Тут кто-то из сидевших на трибуне, указывая пальцем в небо, закричал:
– Смотрите! Смотрите!
Все разом подняли головы. Осирис, местное светило, такое же жёлтое и с таким же, примерно, угловым размером, что и у земного Солнца, словно бы покрылся туманной желтоватой мглой, стал каким-то нечётким, расплывчатым. Небо из нежно-голубого тоже стало с оттенком желтизны. Никакой облачности, между прочим, на всём его протяжении не наблюдалось. Все молча на это смотрели, потом кто-то сказал: "Может быть, буря какая-нибудь надвигается!?" Никто тогда ещё и подумать не мог, что физико-геометрические свойства пространства на Кадаре тоже меняются.
В полной тишине со своего места снова поднялся Шлемов.
Очень коротко, и где-то даже сухо, он сообщил, что в течение ближайшего времени в город начнут прибывать остальные поселенцы Кадара. В общей сложности, это около 15 тысяч человек. Город же может обеспечить, максимум, 10 тысяч. Следовательно, нужно будет сделать всё, чтобы условия проживания у всех были одинаковые: потесниться в коттеджах, регламентировать нормы питания, развернуть дополнительный палаточный городок.
На это из толпы ответили, что всё тут ясно и так, можно было и не говорить.
Шлемов сказал: "Хорошо!" На том и разошлись.
Тот же день. 16.45.
Всё это время мы вместе с Бэлой и Куртисом работали по развёртыванию полевых биолабораторий и госпиталя, которые также решили приспособить под жильё.
И у меня, и у всех прочих, кто находился рядом, настроение в целом оптимистическое. Все убеждены, что трудности эти временные, до той поры, пока не прибудет помощь с Птолезы.

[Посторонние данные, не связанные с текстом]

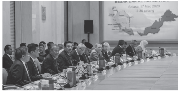
Sumber: Bernama, 17 Mac 2020

28 Gambar berikut menunjukkan suasana mesyuarat Menteri Besar dan Ketua Menteri.
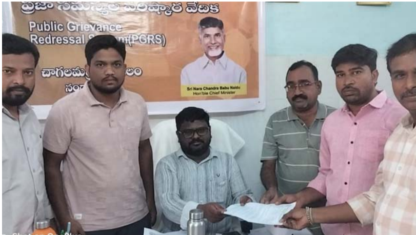
యం ఆర్ ఓ కు వినతి పత్రం అందజేసిన చాగలమర్రి మెడికల్ షాపుల యజమాన్లులు.....

చాగలమర్రి, మే 18 (ప్రజాజ్యోతి స్పాన్సర్); సంద్యాల జిల్లా మండల కేంద్రమైన చాగలమర్రి పట్టణంలో మే 20వ తేదీ అఖిల భారత కెమిస్ట్రల సమాఖ్య ఆల్ ఇండియా సమ్మే సందర్భంగా చాగలమర్రి తాశీల్దారుకు వినతి పత్రం అందజేశారు. చాగలమర్రిలోని పలు మెడికల్ షాపుల బండ్ కు
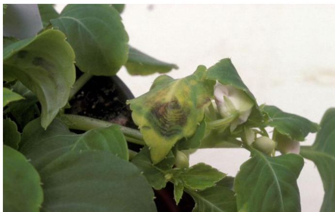
Pojava smeđe-ljubičastih koncentričnih pjega na listu impatijensa

Simptomi su vrlo slični simptomima koje uzrokuje TSWV. Jačina zaraze, domaćin, sorta, starost biljke, temperatura i intenzitet svjetlosti utiču na izgled simptoma. Ponekad se simptomi mogu zamijeniti sa simptomima nedostatka ili viška hranljivih elemenata ili kao fitotoksična reakcija biljke. Simptomi se najčešće uočavaju na listovima u obliku deformacije, žućenja, pojave smeđe-ljubičastih pjega ili koncentričnih i nekrotičnih prstenova. Lisni nervi mogu izgubiti boju ili nabubriti, a moguća je i pojava lisnog mozaika. Simptomi se mogu pojaviti na stabljici i cvjetovima. Ukoliko se virus pojavi šteta koju uzrokuje je potpuna s obzirom da zaražene biljke nisu tržišno prihvatljive i ne mogu se koristiti za dalju vlastitu proizvodnju sjemena ili sadnog materijala.
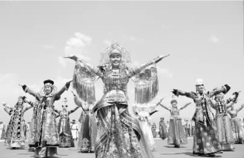
内蒙古第二十七届草原旅游那达慕大会开幕 7 月 23 日,模特展示蒙古族传统服饰。当日,内蒙古第二十七届草原旅游那达慕大会暨第十三届中国·蒙古族服装服饰艺术节在呼和浩特市开幕。本次那达慕大会为期 7 天,期间将举办射箭、赛马、搏克等传统体育活
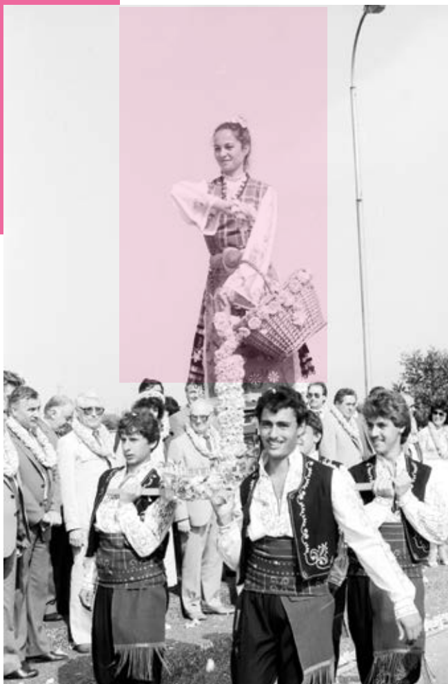
1 юни 1986 г. Празник на розата в Казанлък

което намира напоследък все по-широко приложение в парфюмерийната и козметичната промишленост.
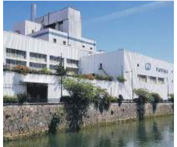
Papresa lantegian neurriak hartuta ari dira lanean. HITZA

tzitsu eman du Getek: «Langa-bezia izan gabe ere eskubidea izango dute ERTEa ezartzen duten enpresetan ari diren langileek hori eskatzeko, eta epez kanpo eskaera eginda ere berdin berdin balioko du; soilik telefonoz eta SEPE elektrokonoa erabilia egin ahaliko dituzte langileek eskaerak».
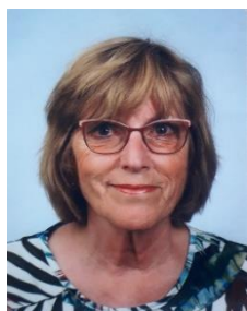
Bijdrage: Ine Beurskens

Ik wil u nu vast attent maken op een activiteit die we nog nooit eerder hebben gedaan: luchtbuksschieten . Zet de datum hiervoor alvast in uw agenda: dat is woensdag 10 november om 14:00 uur . Dan zijn we weer te gast bij het Schutterijgebouw aan de Streekweg. Het schieten gebeurt binnenshuis op kartonnen kaartjes met een buks die op een standaard staat. Dus niet zwaar tillen, maar wel in wedstrijdvorm uw mannetje of vrouwtje staan. We spelen in groepsverband, maar ook individueel komt er een winnaar uit de bus. U krijgt koffie/thee en vlaai en omdat we spelen in competitieverband zijn er ook enkele prijzen te winnen. Meer informatie, onder andere over de eigen bijdrage, alsmede het aanmeldstrookje, vindt u in de volgende nieuwsbrief. Dus mannen, maar ook vrouwen, laat je uitdagen en doe mee!
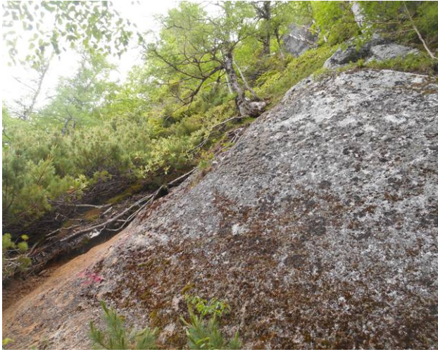
ここが唐沢岳への登山道かなりの急な登りです
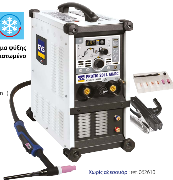
Χωρίς αξεσουάρ : ref. 062610

Что помощь всё-таки прибудет, я нисколько не сомневался, однако вот что странно. В течение дня я то и дело ловил себя на различных психологических состояниях, доселе мне незнакомых. С одной стороны, как я уже сказал, вера в благополучный исход, с другой – некое совершенно непривычное беспокойство, которое, поразмыслив, я окрестил страхом. Никогда раньше, признаться, я ничего похожего не испытывал, хотя и читал о подобном в книгах. Теперь же… Это было что-то совершенно иное, новое. И, признаться, я прислушивался к себе с некоторым интересом. Так, наверное, прислушивается к первым движениям младенца в утробе беременная женщина. Удивительно!
Тот же день. 22.18.
Ночи нет. Небо затянуто всё той же жёлто-туманной мглой. Ни единой звезды на нём не наблюдается.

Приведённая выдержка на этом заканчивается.